グッバイレーニン

分断ドイツの悲哀を感じさせる

家族愛度 100
コメディ度 50
悲しい話度 100
総合得点 85

 

一応説明しとくと、レーニンは国際共産主義革命を起こしたはじめての革命指導者です。スターリンの兄貴分です。

 舞台は東ドイツ。
 共産主義に命を捧げた女性とその子供たちを描いたヒューマンドラマです。
 この映画はけっこう良かったです。
 自分がドイツ人なら泣かずにはいられないでしょう。
 ドイツの数奇な歴史に訴えかける佳作です。

 息子が反政府運動に参加しているのを見てぶっ倒れる母親。ぶっ倒れてる間に世の中はゴンゴラゴンゴラ(どんどん)変わっていき、遂に東西ドイツは統一を果たします。目を覚ました母親は世の中がどう変わったのかを知りません。医者からはもう一度ショックを与えると死ぬ、と宣告されます。息子は必死で東ドイツが西ドイツに、共産主義が資本主義に敗北したのだということを隠そうと奔走します。

 こんな話です。
 かなりコメディタッチに描かれていますが、笑えない何かがあります。
 けっこう悲しい映画です。統一によってどこまでも変わって行く社会、変革する価値観、信じていたものの喪失、道徳の腐敗...
 この急激に変わった世の中に哀愁を感じさせられます。
 「共産主義なんか滅んで当然」とこの映画に限っては何故か言いにくいものがあります。
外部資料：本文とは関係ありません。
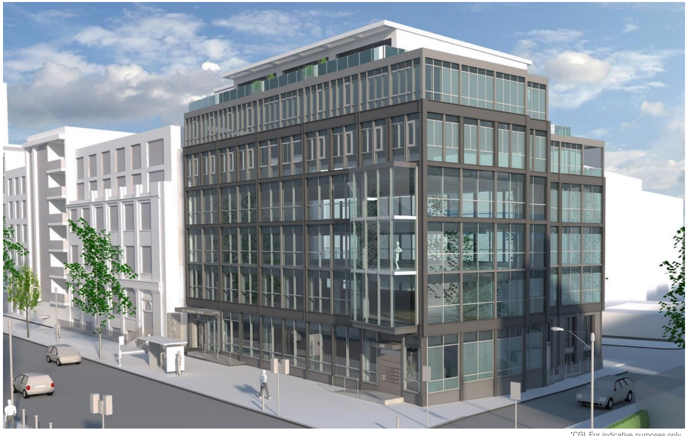
*CGI. For indicative purposes only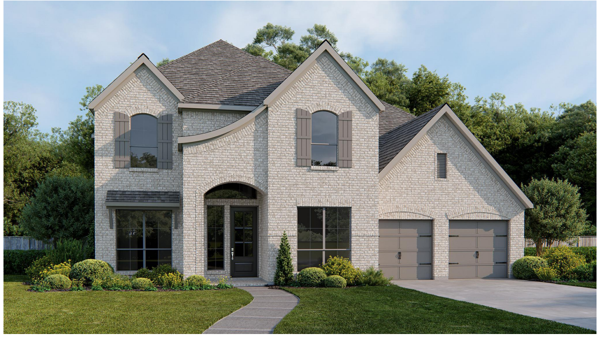
DESIGN 3593W E-1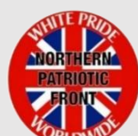
Northern Patriotic Front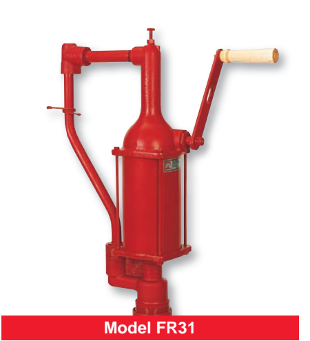
Quart and Liter Stroke Pump Series 30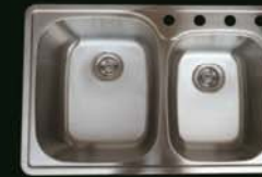
Claymont T-7202 33" x 22" x 9" 7/8" Accessories: Grids, Strainer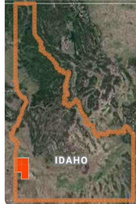
Figure 2 iNaturalist Great Basin Collared Lizard observations as of October 2020.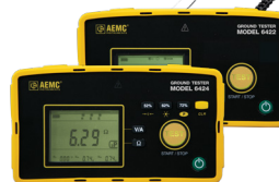
MODELS 6422 AND 6424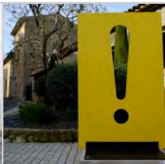
Sacha Sosno – Exclamation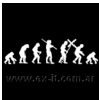
Evolucion de la religion [01]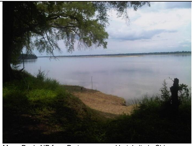
Mana Pools NP from Protea proposed hotel site in Chiawa GMA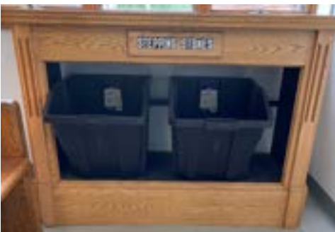
Located in the vestibule at the parking lot entrance to church.

Did you know that OSL has been collecting food as well as other items for Stepping Stones for the past 12 to 14 years? These items go directly to Stepping Stones on a weekly basis. This is different than items collected for our outside Little Free Pantry.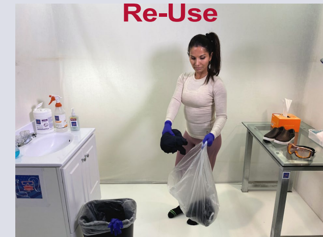
8. Place Contaminated Clothing in a Laundry Bag for Re-Use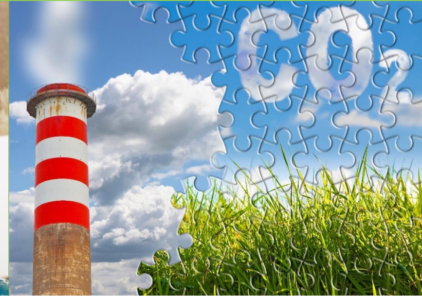
Tackling the Climate Crisis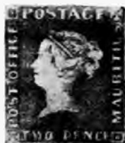
The 2d. "Post Office" Mauritius. This very fine copy, almost equal to the one sold in January of 1904 for £1,450, is to be seen in the Cracherode Room.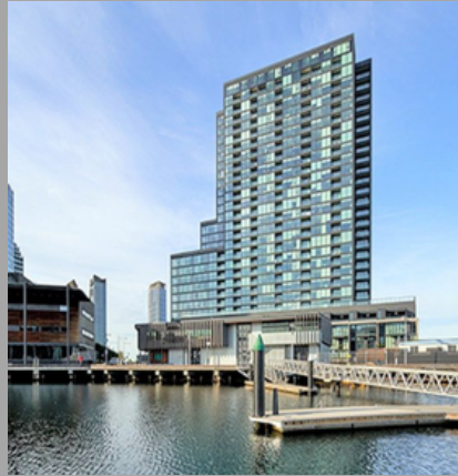
No.1 Collins Wharf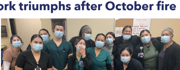
Staff at North Stockton health center

The fire on the night of October 26 that destroyed part of the Eastland Plaza health center in Stockton posed a difficult challenge to staff who were determined to continue patient care in the community.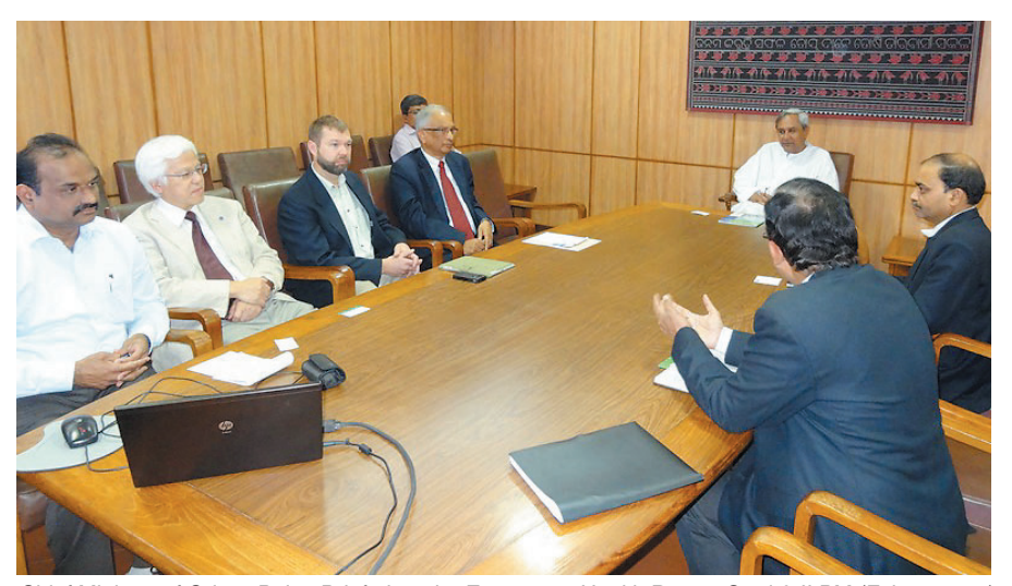
Chief Minister of Orissa Being Briefed on the Ecosystem Health Report Card & ILBM (Feb. 6, 2013)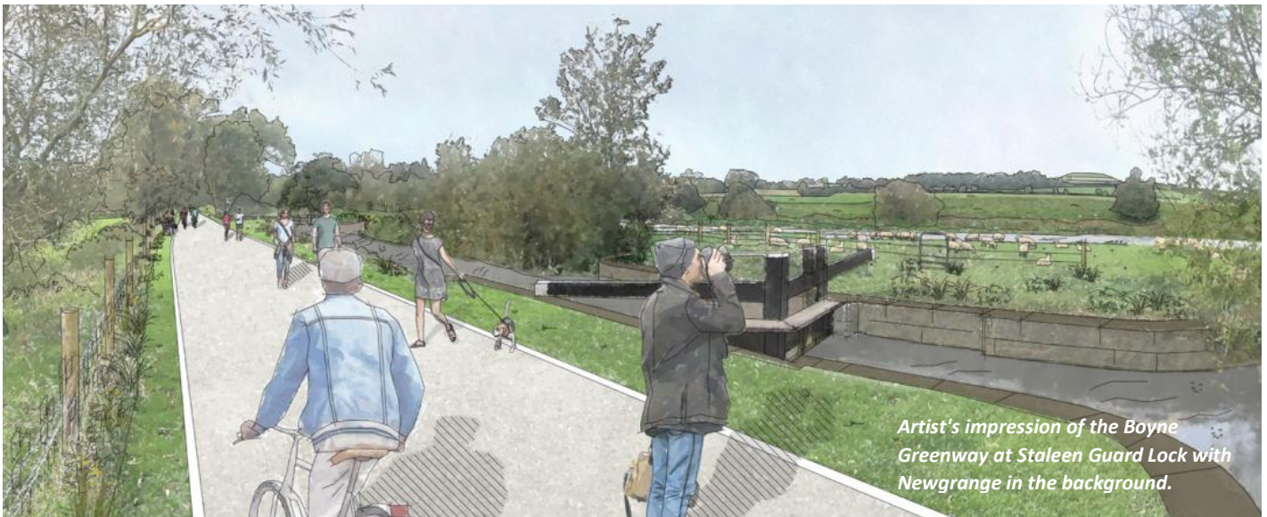
Artist's impression of the Boyne Greenway at Staleen Guard Lock with Newgrange in the background.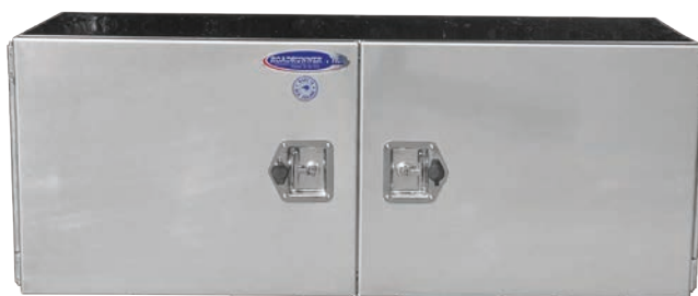
Double Door Toolbox.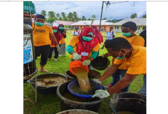
Figure 28. Removing carbon from the equipment (2)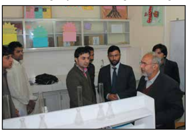
AICs Visit to University of Swabi

Weaknesses: (i) Serious shortage of Ph.D. qualified, senior and experienced faculty; (ii) Absence of Sensory evaluation lab for sensory food analysis experiments, existing labs have limited equipment for students practical; (iii) Lack of IT facilities and limited research and reference material.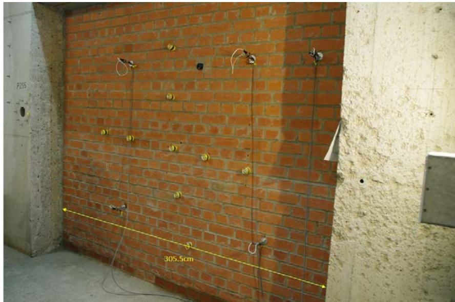
Fig. 7 Double thick brick wall

A double thick brick wall was constructed to separate the blast room from the target room (Fig. 7).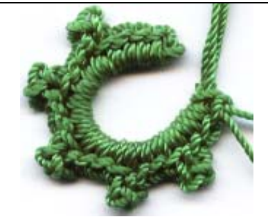
Fig. 6: After working: (p, 3 sc) 5 times. Remove hook from loop, turn work so that the 1st four sc made are facing front.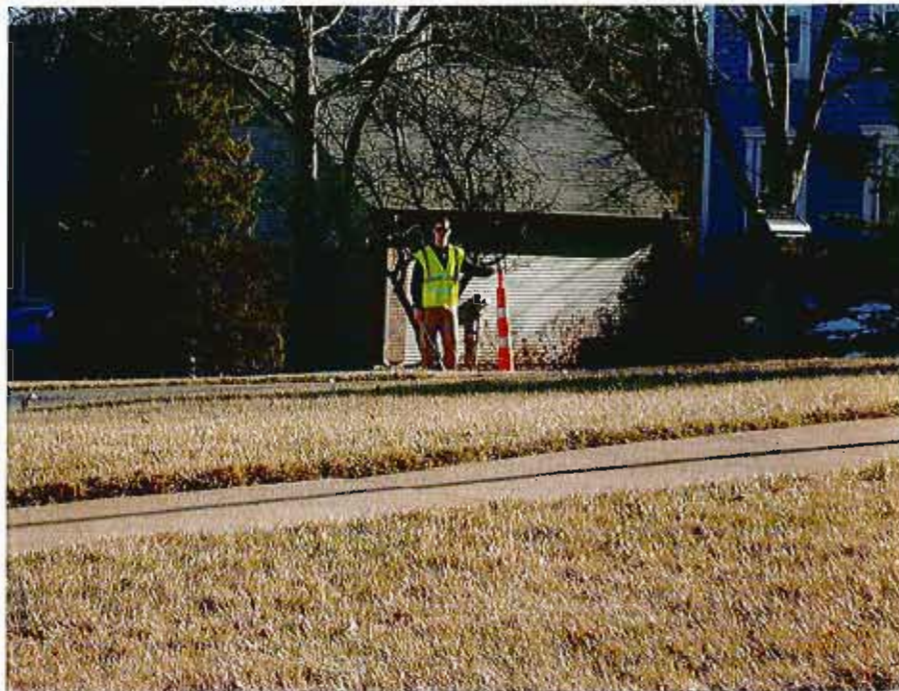
Photo 2 – Penshurst Place southbound looking east on West Manor Drive

Photo 2 is taken from an intersection approach distance of 70 feet, heading south on Penshurst Place looking east on West Manor Drive.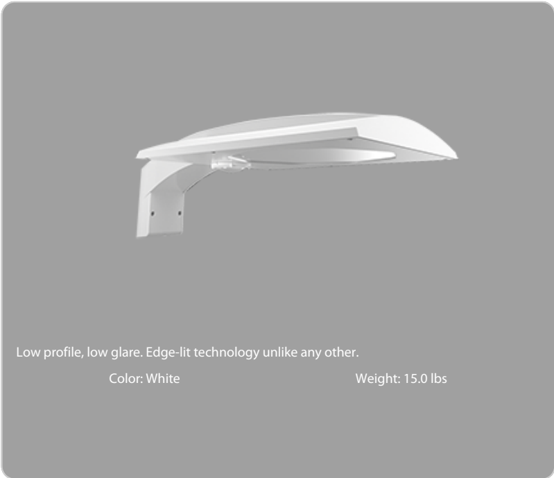
Low profile, low glare. Edge-lit technology unlike any other. Color: White Weight: 15.0 lbs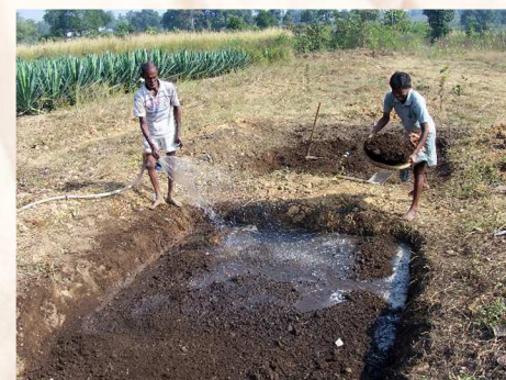
Pic. 4. Sisal waste is a promising source of organic manure to arrest carbon depletion in the drier tracts of India

 親子の絆が日本では考えられないほど強いなあ、というのがもうひとつの感想です。私だったら母親にあそこまではできないですね。そして、これはネタバレですが、
母親は最期には息子の嘘を見抜いていましたよね。どうして最期まで黙っていたのか…。いつから気づいていたのか、やはりレーニンの像がヘリで運ばれてるところからでしょうか?その辺謎のまま終わります。(←見たけりゃドラッグしてね)

 親子愛、変わって行く社会、変わってしまった社会、そして変わった社会に追いつけていない人々の哀愁が感じられる。けっこういい映画だと思いました。
 ラストは革命のシンボルである☆マークが印象的に提示されて終わります。共産主義を懐かしんでいるように見えなくもないです。

 後音楽がすごく良かったなあ。アメリと同じ人が監修してるみたいですが…。すんごい悲しげで。コメディなのに笑えないのはこの音楽のせいかもしれないなあ。